Tosin Gbogi reading - nantygreens.com

FA: Sapiosexual/Sapiosexualism seems to find its way into conversations frequently now, is this good for the arts or just a fad?  

TG: Either it is a fad or not, I think sapiosexualism is a good thing for the arts (for the sciences, too) and for the liberation of the mind in such a country as ours. Though the whole stuff—like everything else around us—can be highly exaggerated. It can be pretentious, too. For instance, a quick “visit” to Facebook or Twitter presents you with a battalion of soldiers trying to outdo one another in sane and insane wars of words. There are those who make us believe that without any training (and even when their analyses are clearly no more than trifles), they are better in exegesis than professors of Literature and there are those who update us every minute of the way with the latest books they are reading. There is also the point that everyone now bandies the phrase “literary critic” around in very astounding but “intelligent” ways. You see, it might even be tempting to believe that everyone in these online social networking sites is highly intelligent. That’s the sense of the exaggeration and pretension that I am talking about. But again, either exaggerated or not, I will say what matters is that we are now getting attracted to intelligence like never before; literacy is rising. Some people are genuinely recommending books to us and we are reading them. Some great minds are writing on a myriad of problems and they are solving for us so many puzzles. So from whichever angle you look at it and either you are a pessimist or an optimist, sapiosexualism (the word itself a meta-comment) is a good one for the future of arts (and sciences). 
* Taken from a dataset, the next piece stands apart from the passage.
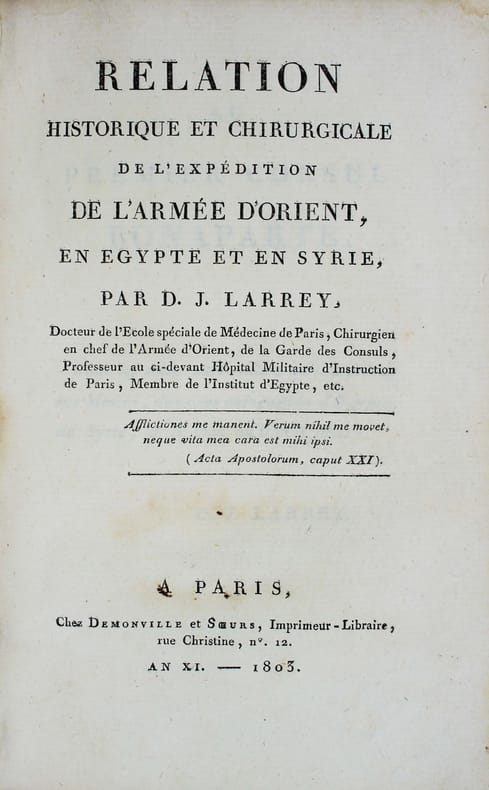 ---- EDITION ORIGINALE ---- ENVOI DE LARREY au chirurgien Joseph Athanase BARBIER ainsi libellé : "à Monsieur BARBIER professeur chirurgien de la part de son ancien collègue et ami", signé D.J. LARREY" ---- BEL EXEMPLAIRE ---- Comme LARREY, J.A. BABIER fut chirurgien militaire au Val de Grace dont il prit la direction en 1804. Il améliora le trépan, les ligatures artérielles sous-clavières et les greffes osseuses. (cf. Larousse "Dictionnaire historique des médecins") ---- Cet ouvrage, publié 9 ans avant les mémoires de médecine et de chirurgie, divisé en dix sections qui formant autant d'époques remarquables où sont classés, par ordre, les évènements principaux de l'armée d'orient, présente le tableau de toutes les maladies qui se sont manifestées pendant le séjour de Larrey en Egypte, telles que l'ophthalmie, le tétanos, la peste, les plaies de tête, de la face et de la gorge, pénétrantes à la poitrine, les amputations, paralysie des membres lésés, le sarcocèle, la fièvre jaune... ---- "The great military surgeon Larrey served during the Napoleonic campaign in Egypt, where he was the first to observe the contagiousness of trachoma shortly after the successful invasion in 1798. The disease spread to Europe thereafter under the name of 'military ophthalmia' or 'Egyptian ophthalmia'. Reprinted in Larrey's Relation historique et chirurgicale de l'expédition de l'armée d'orient, Paris 1803". (Garrison N° 5837)**3122/ARM1A

FA: Would you think that poetry’s value in romance is overstated/unnecessary these days or not? And here let’s focus on modern Nigerian poetry in relation to poetry elsewhere.
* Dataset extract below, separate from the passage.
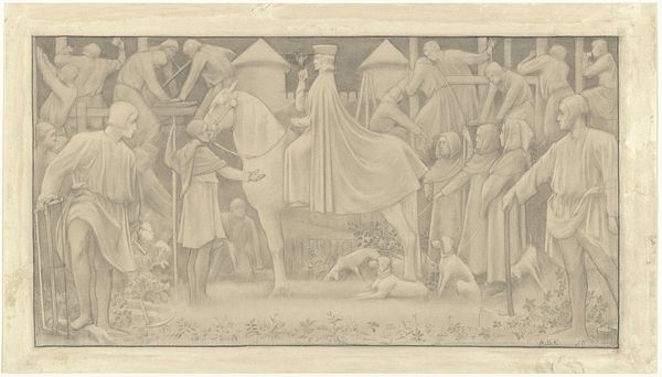 Willem Frederik Vinkenbos created this relief with a scene from the Eighty Years' War sometime in the 19th century. Its monochromatic rendering gives it the aesthetic qualities of a photograph. Yet, it is far from a neutral recording. Instead, it is a stage. The scene is formally divided between those departing by boat on the left and those left behind on the right. In the Eighty Years' War, from 1568 to 1648, the Dutch fought for independence from Spain. The formal symmetry of the artwork underscores the idea that both sides experienced a deep sense of loss. Note how the artist used a high degree of relief to bring the figures forward, creating a sense of drama and immediacy. The linear nature of the waves juxtaposed with the rounded figures creates a contrast. Ultimately, this relief invites contemplation on the universal and enduring themes of conflict, displacement, and the shared human cost of war. It leaves us to ponder the complex interplay between form, content, and historical context.

TG: Well, Tony, I want to believe you have been reading a lot of foreign volumes these days. (Laughs.) As far as I know, modern Nigerian poetry is still largely absorbed in politics. Take Remi Raji’s Sea of My Mind, for instance. Though with a very engaging section on love, a lot of the poems in that volume are channelled in the direction of what Sule Egya aptly describes as Raji’s “Nationalist Imagination.” Likewise if you take Tade Ipadeola’s The Sahara Testaments, you will find a lot of blood, less love, less romance and again, a lot of pains. Afam Akeh’s Letter Home and Biafran Nights is also not about laughter and romance. It’s partly about the ‘love [that]changed/ and [how]we changed with it’, ‘the restless memory of Biafra’s trouble’ and other sore recollections. And when you take Olu Oguibe’s collected poems, I Am Bound to This Land by Blood, can you ever miss these haunting lines from the poem ‘Conversation’:  ‘There are no nations/ Only the imagination’? And if you read to the end of the book, can you miss the climax of the anguish in the last poem ‘Pledge’? When you pick other volumes published between this year (2013) and last year (2012), you can’t miss these all-pervasive pains, neither. So what I believe is that though the value of poetry in romance in Western countries may have been overstated, even overworked, the same cannot be said of Nigeria and Africa where poetry’s value in romance is understated and politics is still necessarily on the front burner of poetic engagements. We need more poets, then, to go the route of romance and I think Spoken Word is taking the lead with regard to that. This is good enough for the diversity of our poetry.

FA: Thank you for your time, Tosin Gbogi.

TG: I should thank you, more, Tony. 

 

*Happy New Year everyone! Thanks for always reading/sharing.